| Aim of the task |
In full and without change, return each entry.

[Data entries]
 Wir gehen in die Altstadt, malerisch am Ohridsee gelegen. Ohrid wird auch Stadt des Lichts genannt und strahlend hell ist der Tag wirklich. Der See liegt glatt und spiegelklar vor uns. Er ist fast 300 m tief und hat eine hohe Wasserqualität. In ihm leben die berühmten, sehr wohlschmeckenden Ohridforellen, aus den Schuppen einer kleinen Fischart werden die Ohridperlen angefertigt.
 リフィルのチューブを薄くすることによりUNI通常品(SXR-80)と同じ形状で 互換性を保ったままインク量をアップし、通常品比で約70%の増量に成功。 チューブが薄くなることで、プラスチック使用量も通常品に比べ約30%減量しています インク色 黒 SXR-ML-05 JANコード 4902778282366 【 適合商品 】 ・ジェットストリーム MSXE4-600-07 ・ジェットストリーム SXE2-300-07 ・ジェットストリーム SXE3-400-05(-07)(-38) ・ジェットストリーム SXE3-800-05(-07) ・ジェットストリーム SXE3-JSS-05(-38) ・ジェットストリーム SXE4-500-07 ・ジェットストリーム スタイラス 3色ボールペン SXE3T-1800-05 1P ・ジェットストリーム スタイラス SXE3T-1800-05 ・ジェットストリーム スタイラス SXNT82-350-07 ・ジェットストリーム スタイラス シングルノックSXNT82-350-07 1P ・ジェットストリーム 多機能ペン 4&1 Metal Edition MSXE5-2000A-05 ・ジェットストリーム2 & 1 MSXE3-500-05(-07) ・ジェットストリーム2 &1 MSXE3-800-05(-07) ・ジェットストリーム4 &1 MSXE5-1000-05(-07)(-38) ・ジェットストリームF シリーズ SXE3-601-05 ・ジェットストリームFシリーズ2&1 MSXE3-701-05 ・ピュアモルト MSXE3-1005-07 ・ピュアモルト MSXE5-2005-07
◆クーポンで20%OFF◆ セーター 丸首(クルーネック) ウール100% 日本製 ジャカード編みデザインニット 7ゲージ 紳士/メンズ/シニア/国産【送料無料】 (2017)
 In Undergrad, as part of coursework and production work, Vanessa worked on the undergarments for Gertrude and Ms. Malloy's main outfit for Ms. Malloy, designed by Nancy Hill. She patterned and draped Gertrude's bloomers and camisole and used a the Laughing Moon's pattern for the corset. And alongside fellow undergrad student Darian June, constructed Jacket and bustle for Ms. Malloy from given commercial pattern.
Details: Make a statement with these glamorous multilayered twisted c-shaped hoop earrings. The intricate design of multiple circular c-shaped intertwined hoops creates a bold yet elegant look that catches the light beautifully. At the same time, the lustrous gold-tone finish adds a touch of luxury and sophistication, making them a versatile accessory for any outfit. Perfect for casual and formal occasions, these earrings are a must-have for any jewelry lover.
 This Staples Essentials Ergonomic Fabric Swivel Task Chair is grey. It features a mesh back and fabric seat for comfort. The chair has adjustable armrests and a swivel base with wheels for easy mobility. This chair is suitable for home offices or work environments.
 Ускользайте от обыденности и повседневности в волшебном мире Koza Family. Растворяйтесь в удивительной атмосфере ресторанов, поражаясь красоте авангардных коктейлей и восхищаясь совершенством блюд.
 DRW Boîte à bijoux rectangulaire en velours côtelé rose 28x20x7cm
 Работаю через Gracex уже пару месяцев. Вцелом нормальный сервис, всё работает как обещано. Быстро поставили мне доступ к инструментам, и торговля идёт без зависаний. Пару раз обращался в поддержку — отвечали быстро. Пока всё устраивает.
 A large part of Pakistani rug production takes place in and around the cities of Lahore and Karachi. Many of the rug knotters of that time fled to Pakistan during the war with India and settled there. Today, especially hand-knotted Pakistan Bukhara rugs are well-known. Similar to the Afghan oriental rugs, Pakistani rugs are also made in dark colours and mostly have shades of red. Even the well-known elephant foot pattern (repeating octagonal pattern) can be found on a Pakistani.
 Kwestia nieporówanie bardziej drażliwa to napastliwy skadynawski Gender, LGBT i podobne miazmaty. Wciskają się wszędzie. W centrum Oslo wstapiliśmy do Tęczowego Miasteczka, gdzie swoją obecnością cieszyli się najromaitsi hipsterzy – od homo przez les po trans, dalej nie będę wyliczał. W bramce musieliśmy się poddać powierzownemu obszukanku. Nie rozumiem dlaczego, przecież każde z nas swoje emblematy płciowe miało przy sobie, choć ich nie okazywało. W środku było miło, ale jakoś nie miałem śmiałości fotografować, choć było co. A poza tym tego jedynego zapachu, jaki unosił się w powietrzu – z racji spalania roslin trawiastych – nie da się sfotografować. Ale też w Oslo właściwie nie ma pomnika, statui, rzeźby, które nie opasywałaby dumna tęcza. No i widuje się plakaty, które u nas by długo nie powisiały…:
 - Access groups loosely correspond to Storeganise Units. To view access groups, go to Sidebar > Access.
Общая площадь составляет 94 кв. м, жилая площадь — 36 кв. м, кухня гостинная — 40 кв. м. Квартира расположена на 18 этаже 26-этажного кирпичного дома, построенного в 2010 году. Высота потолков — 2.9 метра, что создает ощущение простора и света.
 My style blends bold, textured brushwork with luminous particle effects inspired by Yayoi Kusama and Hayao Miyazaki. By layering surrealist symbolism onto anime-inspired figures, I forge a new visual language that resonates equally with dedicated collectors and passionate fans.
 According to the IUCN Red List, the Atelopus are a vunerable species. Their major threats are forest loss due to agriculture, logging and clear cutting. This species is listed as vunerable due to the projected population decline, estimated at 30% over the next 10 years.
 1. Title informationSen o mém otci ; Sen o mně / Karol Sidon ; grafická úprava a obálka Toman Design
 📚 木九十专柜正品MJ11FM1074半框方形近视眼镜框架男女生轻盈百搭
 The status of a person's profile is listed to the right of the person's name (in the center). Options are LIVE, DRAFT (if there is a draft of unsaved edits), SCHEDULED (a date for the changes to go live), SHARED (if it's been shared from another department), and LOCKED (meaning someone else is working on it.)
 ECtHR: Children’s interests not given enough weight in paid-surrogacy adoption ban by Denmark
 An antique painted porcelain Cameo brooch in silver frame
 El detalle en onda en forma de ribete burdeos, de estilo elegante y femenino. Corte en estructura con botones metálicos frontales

| Exercise result |
 Wir gehen in die Altstadt, malerisch am Ohridsee gelegen. Ohrid wird auch Stadt des Lichts genannt und strahlend hell ist der Tag wirklich. Der See liegt glatt und spiegelklar vor uns. Er ist fast 300 m tief und hat eine hohe Wasserqualität. In ihm leben die berühmten, sehr wohlschmeckenden Ohridforellen, aus den Schuppen einer kleinen Fischart werden die Ohridperlen angefertigt.
 リフィルのチューブを薄くすることによりUNI通常品(SXR-80)と同じ形状で 互換性を保ったままインク量をアップし、通常品比で約70%の増量に成功。 チューブが薄くなることで、プラスチック使用量も通常品に比べ約30%減量しています インク色 黒 SXR-ML-05 JANコード 4902778282366 【 適合商品 】 ・ジェットストリーム MSXE4-600-07 ・ジェットストリーム SXE2-300-07 ・ジェットストリーム SXE3-400-05(-07)(-38) ・ジェットストリーム SXE3-800-05(-07) ・ジェットストリーム SXE3-JSS-05(-38) ・ジェットストリーム SXE4-500-07 ・ジェットストリーム スタイラス 3色ボールペン SXE3T-1800-05 1P ・ジェットストリーム スタイラス SXE3T-1800-05 ・ジェットストリーム スタイラス SXNT82-350-07 ・ジェットストリーム スタイラス シングルノックSXNT82-350-07 1P ・ジェットストリーム 多機能ペン 4&1 Metal Edition MSXE5-2000A-05 ・ジェットストリーム2 & 1 MSXE3-500-05(-07) ・ジェットストリーム2 &1 MSXE3-800-05(-07) ・ジェットストリーム4 &1 MSXE5-1000-05(-07)(-38) ・ジェットストリームF シリーズ SXE3-601-05 ・ジェットストリームFシリーズ2&1 MSXE3-701-05 ・ピュアモルト MSXE3-1005-07 ・ピュアモルト MSXE5-2005-07
◆クーポンで20%OFF◆ セーター 丸首(クルーネック) ウール100% 日本製 ジャカード編みデザインニット 7ゲージ 紳士/メンズ/シニア/国産【送料無料】 (2017)
 In Undergrad, as part of coursework and production work, Vanessa worked on the undergarments for Gertrude and Ms. Malloy's main outfit for Ms. Malloy, designed by Nancy Hill. She patterned and draped Gertrude's bloomers and camisole and used a the Laughing Moon's pattern for the corset. And alongside fellow undergrad student Darian June, constructed Jacket and bustle for Ms. Malloy from given commercial pattern.
Details: Make a statement with these glamorous multilayered twisted c-shaped hoop earrings. The intricate design of multiple circular c-shaped intertwined hoops creates a bold yet elegant look that catches the light beautifully. At the same time, the lustrous gold-tone finish adds a touch of luxury and sophistication, making them a versatile accessory for any outfit. Perfect for casual and formal occasions, these earrings are a must-have for any jewelry lover.
 This Staples Essentials Ergonomic Fabric Swivel Task Chair is grey. It features a mesh back and fabric seat for comfort. The chair has adjustable armrests and a swivel base with wheels for easy mobility. This chair is suitable for home offices or work environments.
 Ускользайте от обыденности и повседневности в волшебном мире Koza Family. Растворяйтесь в удивительной атмосфере ресторанов, поражаясь красоте авангардных коктейлей и восхищаясь совершенством блюд.
 DRW Boîte à bijoux rectangulaire en velours côtelé rose 28x20x7cm
 Работаю через Gracex уже пару месяцев. Вцелом нормальный сервис, всё работает как обещано. Быстро поставили мне доступ к инструментам, и торговля идёт без зависаний. Пару раз обращался в поддержку — отвечали быстро. Пока всё устраивает.
 A large part of Pakistani rug production takes place in and around the cities of Lahore and Karachi. Many of the rug knotters of that time fled to Pakistan during the war with India and settled there. Today, especially hand-knotted Pakistan Bukhara rugs are well-known. Similar to the Afghan oriental rugs, Pakistani rugs are also made in dark colours and mostly have shades of red. Even the well-known elephant foot pattern (repeating octagonal pattern) can be found on a Pakistani.
 Kwestia nieporówanie bardziej drażliwa to napastliwy skadynawski Gender, LGBT i podobne miazmaty. Wciskają się wszędzie. W centrum Oslo wstapiliśmy do Tęczowego Miasteczka, gdzie swoją obecnością cieszyli się najromaitsi hipsterzy – od homo przez les po trans, dalej nie będę wyliczał. W bramce musieliśmy się poddać powierzownemu obszukanku. Nie rozumiem dlaczego, przecież każde z nas swoje emblematy płciowe miało przy sobie, choć ich nie okazywało. W środku było miło, ale jakoś nie miałem śmiałości fotografować, choć było co. A poza tym tego jedynego zapachu, jaki unosił się w powietrzu – z racji spalania roslin trawiastych – nie da się sfotografować. Ale też w Oslo właściwie nie ma pomnika, statui, rzeźby, które nie opasywałaby dumna tęcza. No i widuje się plakaty, które u nas by długo nie powisiały…:
 - Access groups loosely correspond to Storeganise Units. To view access groups, go to Sidebar > Access.
Общая площадь составляет 94 кв. м, жилая площадь — 36 кв. м, кухня гостинная — 40 кв. м. Квартира расположена на 18 этаже 26-этажного кирпичного дома, построенного в 2010 году. Высота потолков — 2.9 метра, что создает ощущение простора и света.
 My style blends bold, textured brushwork with luminous particle effects inspired by Yayoi Kusama and Hayao Miyazaki. By layering surrealist symbolism onto anime-inspired figures, I forge a new visual language that resonates equally with dedicated collectors and passionate fans.
 According to the IUCN Red List, the Atelopus are a vunerable species. Their major threats are forest loss due to agriculture, logging and clear cutting. This species is listed as vunerable due to the projected population decline, estimated at 30% over the next 10 years.
 1. Title informationSen o mém otci ; Sen o mně / Karol Sidon ; grafická úprava a obálka Toman Design
 📚 木九十专柜正品MJ11FM1074半框方形近视眼镜框架男女生轻盈百搭
 The status of a person's profile is listed to the right of the person's name (in the center). Options are LIVE, DRAFT (if there is a draft of unsaved edits), SCHEDULED (a date for the changes to go live), SHARED (if it's been shared from another department), and LOCKED (meaning someone else is working on it.)
 ECtHR: Children’s interests not given enough weight in paid-surrogacy adoption ban by Denmark
 An antique painted porcelain Cameo brooch in silver frame
 El detalle en onda en forma de ribete burdeos, de estilo elegante y femenino. Corte en estructura con botones metálicos frontales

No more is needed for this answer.